The Technology
Data lineage (a type of provenance) consists of metadata added to the data in a database. It enables tracking down errors within the data and can also be used for justification for the existence of data in the database. Data lineage can be implemented using several methods. Annotations were proved useful in explaining query results at various resolution levels. However, tracking the lineage of data tuples throughout their database lifetime requires more sophisticated methods. For scenarios where data tuples affect other tuples, lineage annotations become deeply nested and highly complex in terms of space consumption, lineage querying time, as well as clarity and readability with time.

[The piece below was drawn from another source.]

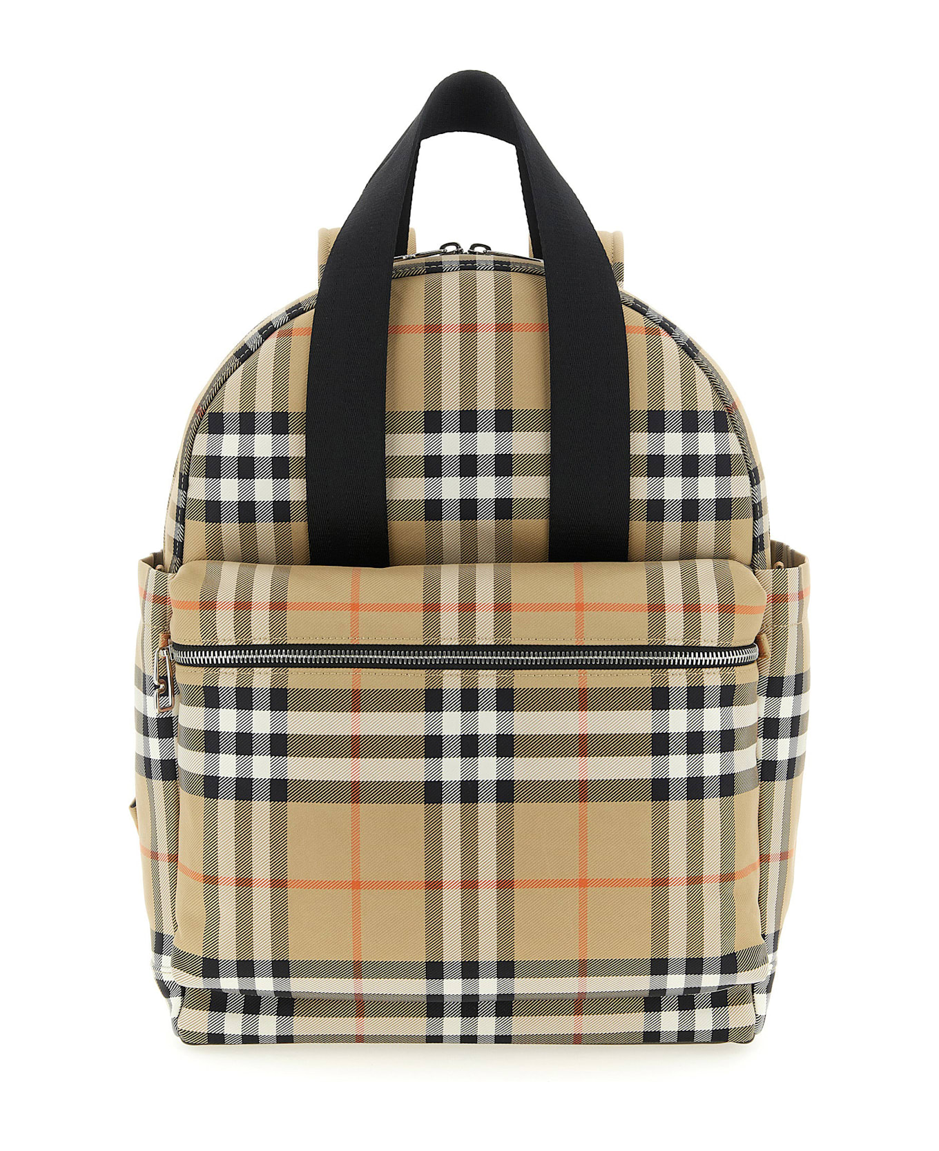 Norwich' woven nylon backpack with Burberry Check with leather details, nylon lining, top zip closure, double fixed tape handle, front zip pocket, side pockets, foldable padded mattress for changing, adjustable shoulder straps, padded backrest.

We use Machine Learning (ML) and Natural Language Processing (NLP) techniques for approximating lineage tracking. Word embedding is used to endow an explicitly inserted tuple with a small set of vectors that “encode” its content, and an algebra on such sets of vectors that derives a set of vectors which encodes the lineage of a query-inserted tuple. The new technique requires only a constant additional space per tuple for recording lineage information. During the execution of a query, the lineage vectors of the final (and intermediate) result tuples are constructed in a similar fashion to that of semiring-based exact provenance calculations.
Advantages
- “Natural ranking” of explanations
- No space complexity blow-up over time
- Lifelong lineage
Applications and Opportunities
- Data provenance/data lineage